Para potencializar a experiência de locais como esse, o curador estimulava a reflexão. “Muitos jovens artistas não sabiam de tudo que se passou durante a ditadura, por isso é importante que, durante as visitas, cada um fale sobre o que conhece dessa história”, disse Andaur.

O intercâmbio, assim, torna-se um método diário na viagem. Todos os participantes do grupo, fossem artistas reconhecidos, como Mario Opazo – chileno radicado na Colômbia – e o chileno Mauricio Toro-Garcia, fossem participantes de coletivos com um trabalho nada comercial, como La Pan, ou ainda os performers Nicolás Grum e Isabel Torres, em algum momento deveriam apresentar sua obra ao grupo.

Em outros momentos, Andaur sugeria que cada um deveria caminhar sozinho, como quando da visita a uma antiga mina de extração de “guano”, um fertilizante extraído de montanhas rochosas por escravos chineses, no século XIX, em Chanavaya. O nome do local é uma corruptela de “China Bay”, por conta dos “coolies”, como eram chamados os escravos brancos oriundos de Cantão, na China. Dezenas deles morreram em razão das péssimas condições de trabalho na época, mas a presença chinesa até hoje é visível em Iquique, a cerca de 50 quilômetros dessa região.

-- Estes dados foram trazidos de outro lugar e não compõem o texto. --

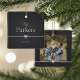 Der süße und einfache Weihnachtsschmuck zeichnet sich durch eine minimalistische Gestaltung aus, mit Ihrem Familiennamen und dem Jahr in einer sauberen, klassischen Serifenschrift auf einem weichen schwarzen Hintergrund. Ein kleiner Bogen durch die Mitte vervollständigt das Design. Fügen Sie der Rückseite ein Foto hinzu, hervorgehoben mit einer passenden Bogen-Abbildung.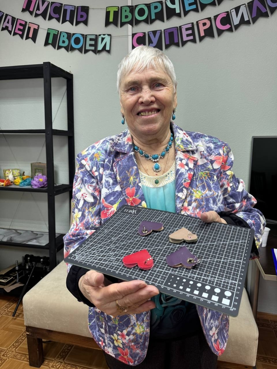 На этот раз наши участники познакомились с натуральной кожей, пощупали ее и даже вырезали валентинки (сердечки) в честь предстоящего праздника дня всех влюбленных.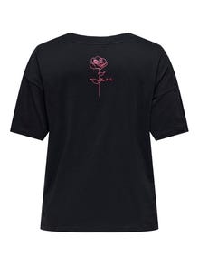 Look your best for school, work, and everyday activities in cool styles that are easy to match with your wardrobe favourites. Cotton is made of natural fibres creating a soft, breathable fabric. ONLY CARMAKOMA is for women with curves who love fashion and expressing their personal style with confidence. The collections feature modern denim, flattering fits, and styles for every occasion — from edgy and cool to feminine and classic. Our selection of plus-size clothing is designed to highlight your curves and provide comfort, so every plus-size woman can feel beautiful and confident in her look. - Product Type : T-shirt - Neck : Round Neck - Sleeve : Short sleeves - Sleeves : Dropped shoulders - Extra details : Printed detail, Rhinestones - Fit : Loose Fit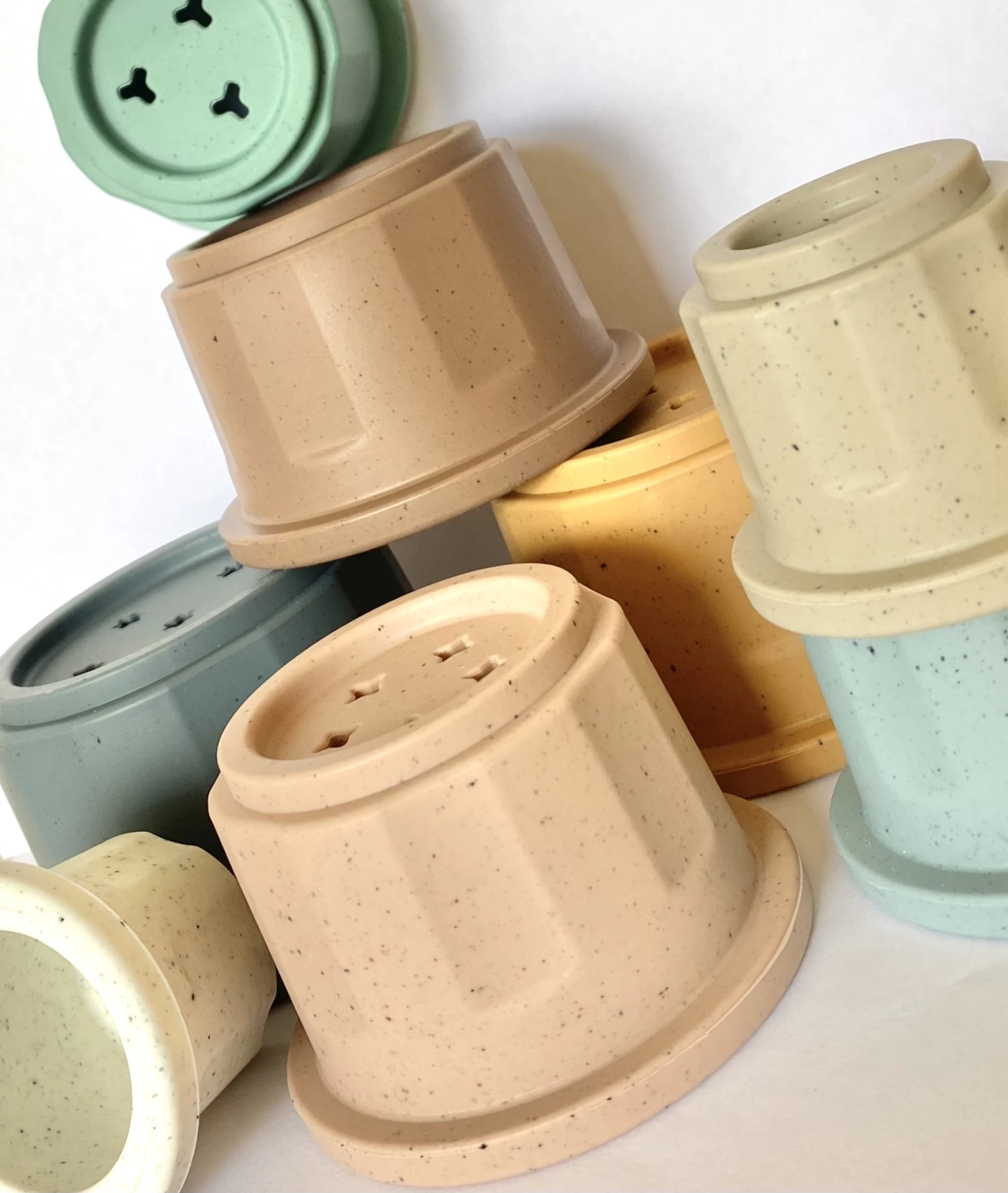The Mini & Me Stacking Cups will keep little hands busy. Featuring 8 different sized stacking cups, your little one will use their problem solving skills and hand-eye co-ordination to build a tower before knocking it down and starting all over! From there take them to the bath, where you can watch water flow through the variety of cut out shapes on the bottom.

Além de Piságua, Tirana, Iquique e Chanavaya, o grupo passou por Victoria, uma cidade abandonada, que durante o esplendor do salitre era habitada por centenas de pessoas e atualmente tem em um coreto de cimento a memória mais visível do passado. Ao seu redor, e por um raio de centenas de metros, madeiras estão dispersas por toda parte, contribuindo para a imagem de desolação do abandono.

Justamente por conta das riquezas da região, Tarapacá foi centro de guerras territoriais, tendo pertencido ao Peru, entre 1532 e 1884. O Chile, com a Guerra do Pacífico, em 1879, começa a conquista da área, definida de fato apenas cinco anos depois. “Por conta dessas disputas, há uma forte questão de identidade na região. Afinal, muitas tradições peruanas seguem por aqui, entre elas a própria festa de La Tirana, que teve início com mineiros aimarás, bolivianos e peruanos”, conta  Bernardo Guerrero. Como forma de nacionalizar a festa, a Virgem do Carmo foi designada padroeira do exército do Chile em 1910.

Independentemente dos discursos oficiais, contudo, a festa conserva sua essência, já que é dos raros grandes eventos que não foram cooptados pelo marketing de grandes corporações.

Diante das experiências tão intensas, torna-se difícil imaginar como a arte poderia competir em forma e escala. “Do deserto já se produziram muitas imagens, mas o que me interessa é revelar processos”, conta Andaur, explicando o motivo do deslocamento como método.

Nos últimos anos, o conceito de sul tem sido observado como uma espécie de contraponto ao imperialismo do norte do globo terrestre, com Estados Unidos e Europa dominando as narrativas. A experiência em Tarapacá aponta como as possibilidades de quebra de paradigmas podem ocorrer em todo lugar, e, ao final, o Grande Norte está de fato mais próximo das características das noções anti-hegemônicas do que se considera o sul e pode ser um potente laboratório de reflexão sobre questões essenciais do momento presente, como ecologia, religião, identidade, memória e dominação. Lá, o vazio do deserto é apenas uma miragem.